全日本実業団対抗女子駅伝(クイーンズ駅伝、24日・松島町文化観光交流館前~弘進ゴムアスリートパーク仙台)

優勝=日本郵政グループ(2時間13分54秒)

 日本郵政グループと積水化学の手に汗握るデッドヒートは、最終6区の終盤まで続いた。残り1キロあまりで無我夢中にスパートして抜け出した太田琴菜が右腕を突き上げながらトップでフィニッシュすると歓喜の輪が広がった。

 創部翌年からクイーンズ駅伝10年連続出場で、4回目の女王の座をつかんだ。太田は「自分一人のレースだったら、ここまでの力は出せなかった。これが『駅伝』」と満面の笑みを浮かべた。
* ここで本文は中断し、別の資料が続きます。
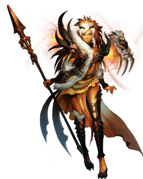
『ユグドラシル』 イメージイラスト

※上記画像はイメージです。予告なく変更する場合がございますので、ご了承ください。

 絶対的な優勝候補と見られていた積水化学との勝負を分けたのは、高橋昌彦監督が勝負どころと見定めて後半5区に起用した大黒柱・鈴木亜由子の驚異の粘りだった。

 22秒のリードを得て、トップでたすきを受けたが、積水化学のエース新谷仁美に猛追され、中盤手前で追いつかれた。しかし、そこからが真骨頂だ。時折厳しい顔つきを見せるも、リズミカルな足取りを保ったまま、新谷の後ろにピタリとついて約5キロ走った。終盤で逆に鈴木がスパートを仕掛けた。新谷も必死に追いついてきたが、ラストでさらにギアを上げ、新谷に1秒先着した。鈴木は「絶対負けられないという意地があった」と胸を張った。

 33歳の鈴木は唯一、2014年の創部当時からのメンバーで、初代主将でもある。オリンピックや世界選手権などの国際大会に出場しながら、10年連続でクイーンズ駅伝を走ってきたチームの象徴だ。実直にトレーニングやケアをこなす姿勢は、後輩たちの手本になってきた。6区の太田は「亜由子さんがものすごい勢いで走ってくる姿を見て、2位では帰れないと思った」と感謝した。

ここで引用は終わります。